The cone valve solution for discharging and dosing powder is simple yet elegant by combining both dosing and discharge aid with the same unit: An active lifting probe docks with the passive Cone Valve in the transportable IBC (Intermediate Bulk Container) and once fully engaged, high accuracy dosing can be accomplished without any secondary feeder devices such as screws or vibratory feeders.
The key benefits of the cone valve in this application are:
Dust free connections each time a raw material IBC is docked or undocked from
the batching system.
- Powerful discharge aid – assures automatic discharge of all ingredients required.
- Reliable and accurate dosing – the basic project requirement.
- No secondary feeder required – raw material changeover can be done at a minutes notice.
- There is literally nothing to clean or empty once the IBC is removed, so a new recipe can be run within minutes of the previous one. Alternative solutions will typically take up to an hour for each ingredient to be changed.
All materials are received in big bags as they are the most versatile and cost effective method of shipping powders between manufacturing plants. When required, the big bags are transferred in full into 2m_ IBCs each equipped with Radio Frequency Identification (RFID) tags so that the Manufacturing Execution System (MES) control system can safely guide the operator when selecting the correct IBC for any given recipe. Raw material IBC movements are executed with heavy duty fork trucks, but AGVs or other automated IBC movement can be considered also.
A number of Batch IBCs circulate automatically below the raw material IBCs and collect various ingredients on demand as instructed by the recipe control system. Once the full loop is completed, the batch IBC is automatically emptied (also utilising cone valve technology) into the mixer. Once empty, the batch IBC is returned to the first dosing position for a subsequent batch, with a same or different recipe.
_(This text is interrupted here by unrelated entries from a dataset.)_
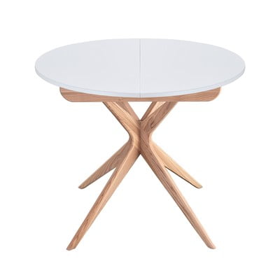 Okrúhly rozkladací jedálenský stôl s prídavnou doskou z jaseňového dreva ø 90 cm Jubi – Ragaba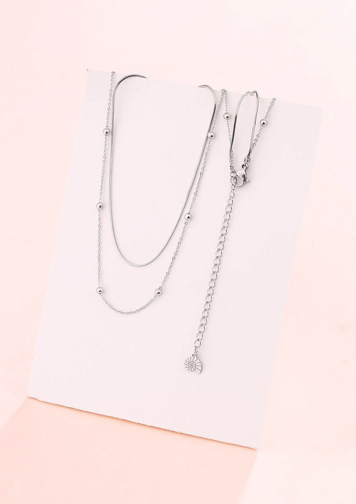 Made from stainless steel. Two chains: one tubular-like short chain and one longer chain with spaced metallic beads. Lobster claw clasp with adjustable extension chain and shell charm.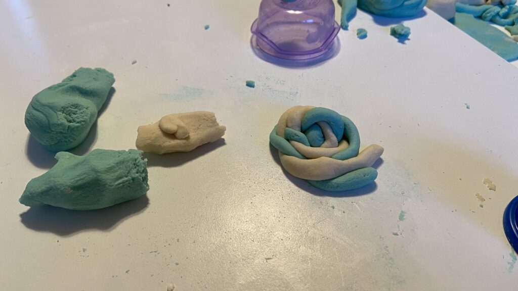 3. Lek och forma! Får man till lite figurer kan man baka dom i mitten av ugnen i 2-4 timmar på 100C tills de är helt torra. Sen kan man måla dom när de svalnat om man vill!

Raw material IBCs are removed from the Formulation System when empty or when the material contained in the IBC is not required imminently. By operating in this manner, a smaller number of dosing positions can provide automatic dosing for the 75 different raw materials
The system is very novel and innovative but has proven itself as state of the art for the client with additional installations now being considered. With hindsight, it has been possible to identify and address a couple of improvements including:-
- The powders handled behave differently based on the country of origin, time of year, moisture as well as storage time. Smart software was applied from day 1 trying to accommodate all extremes. However, some combinations were problematic and much improved “self-learning” software, combined with valuable input from the customer has resulted in substantially tighter standard deviation .
- The system was always designed to dose >20kg to an accuracy of +/-0.5% or better. In reality, there is always a risk that a very small amount of powder is required as a “top-up” from when an IBC runs empty, as well as a creeping demand from the market for smaller inclusions of “exotic” materials. Software improvements have also allowed for such smaller inclusions at very high accuracy levels.
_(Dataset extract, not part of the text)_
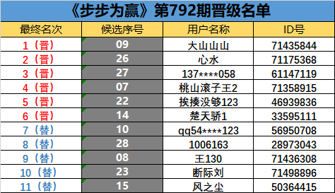 《步步为赢》第792期晋级名单公布

- The system provides unprecedented flexibility in terms of recipe and ingredient changeover albeit this requires some additional fork truck handling. In 95% of cases, this can easily be justified in relation to time savings; but for the 1-3 biggest ingredients, a fixed conveying system should be considered for future plants.
The system is installed in Europe and can be visited as a reference on a case by case basis subject to competitive situation with the interested party and management approval.